With poaching and climate change looming over us, we’ve become used to a narrative in which a growing number of species are endangered, nearing extinction.
What you may not be aware of is that new species continue to be discovered.
Take the Kipunji monkey for example: a species that eluded scientists into the twenty-first century and continues to baffle them today. First spotted in 2003 in Tanzania, Africa’s rarest monkey was once believed to be a myth, a sprit animal thought up by people indigenous to the Rungwe Nature Reserve in the country’s Southern Highlands.
Tim Davenport is the man translating hearsay in to hard facts, documenting the many firsts to have emerged from this patch of rainforest in Sub-Saharan Africa.
Davenport, a conservation biologist and country director for The Wildlife Conservation Society, says that though many insects remain unidentified — he says presently there’s more undescribed species of beetle than there are described — it’s rare for new vertebrates to emerge.
What’s remarkable is that in the Rungwe Nature Reserve has already yielded around 120 new plant and animal species in the relatively short time it has been studied.
“I first came to the Southern Highlands in 1999,” says Davenport. “No one had really done any zoological research, (but) in our initial surveys and biodiversity research, it became quite clear that actually this place is pretty interesting.”
In the two decades since, the conservationist has been able to name one of his own discoveries: the Matilda’s Horn Viper, named after his daughter in 2012. As recent as early 2016, the Msuya’s Chameleon was first identified.
Africa’s newest primate
However, the Kipunji, which is nearly three feet tall and is known for a distinctive honk bark call, has become the main focus of his attention. Davenport’s first real opportunity to study the animal at close quarters came under sad circumstances in 2005, when his team was notified that a Kipunji had been killed by a log trap.
“Clearly looking at it very close up, (it was) unlike anything that science knew,” he recalls. “There was only one logical conclusion: it was a new genus entirely. It was a sister genus of the baboon, which is incredibly exciting because it was the first new genus of monkey (discovered) in Africa for 80-something years.”
It was then that the Kipunji was first formally recognized, and a year later accredited as a new genus. Almost inevitably, in 2008 it was placed on the critically endangered list.
Running scared
Just over 1,000 Kipunjis are believed to be left on the planet, and Davenport and his team are doing everything in their power to prevent that number from dipping.
A dedicated team at the WCS have tracked the animals in the reserve every day for the past eight years, studying their behaviors while monitoring the threats posed against them. It’s not an easy task however.

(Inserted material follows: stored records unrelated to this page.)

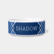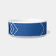 Diseño de tazón mascota único en azul marino, blanco y azul real con líneas geométricas y cuadrados superpuestos con el nombre de un gato o perro impreso en medio de la parte delantera de un alimento cerámico blanco o tazón de agua. CONSEJO DE DISEÑADOR: Todos los colores y fuentes son editables para que puedas diseñar tu propio tazón creativo como una obra de arte que coincida con tu decoración.
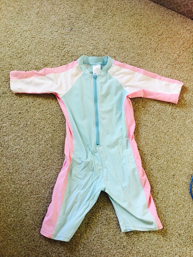 I asked her what was wrong and she replied, “This swimsuit doesn’t feel good!!” She growled and continued tugging and pulling at every inch of it in discomfort.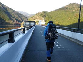 1、鱒渕ダムの堰堤を歩いて出発 7時45分 |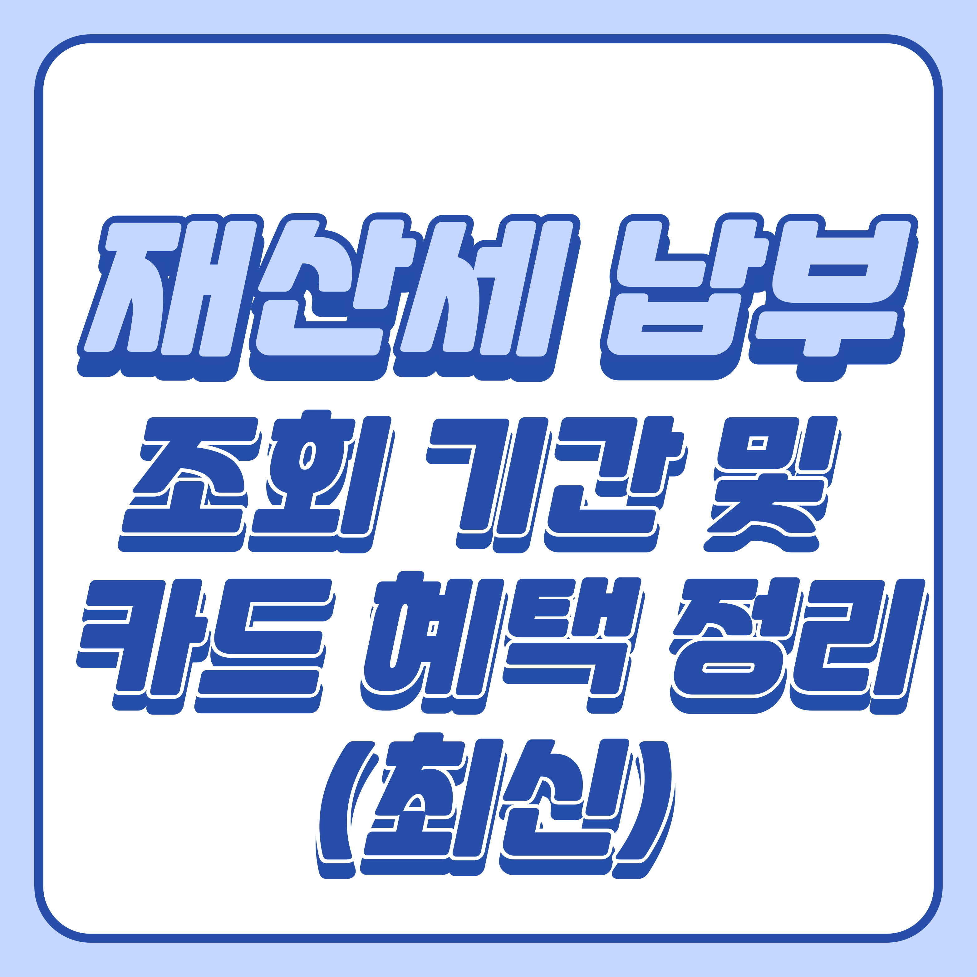 | 기타 카드사 | 포인트 이용 납부, 2~12개월 무이자 할부 이벤트 다수 | 각사 이벤트 공지 필수 체크 |

“The Kipunji are extremely shy,” says Davenport, “they are very wary of people… it took over a year until we could get within 20 meters — that’s their survival mechanism.”
The conservationist notes that they have been hunted in the past. Kipunjis raid maize farms bordering the reserve, and land owners will target the creatures in retaliation for their pilfering.
Davenport’s team has devised a solution, applying a mixture of cow dung and chilli pepper — foul smelling and irritant — to maize as a means to ward off Kipunjis. And it’s working.
It’s a small step in a much longer path to securing the future of Africa’s rarest monkey. Establishing the reserve itself has been a significant move, which has stymied illegal logging practices while gradually changing attitudes of the communities surrounding the forest.
A census is on the horizon, ten years on from the last, which will establish whether their efforts have worked.
“It would have been tragic to discover such an exciting animal, only to see it disappear a few years down the line,” says Davenport. “I think I’m fairly confident, optimistic that we’ll show that at the very least the Kipunji population has stayed — and hopefully increased.”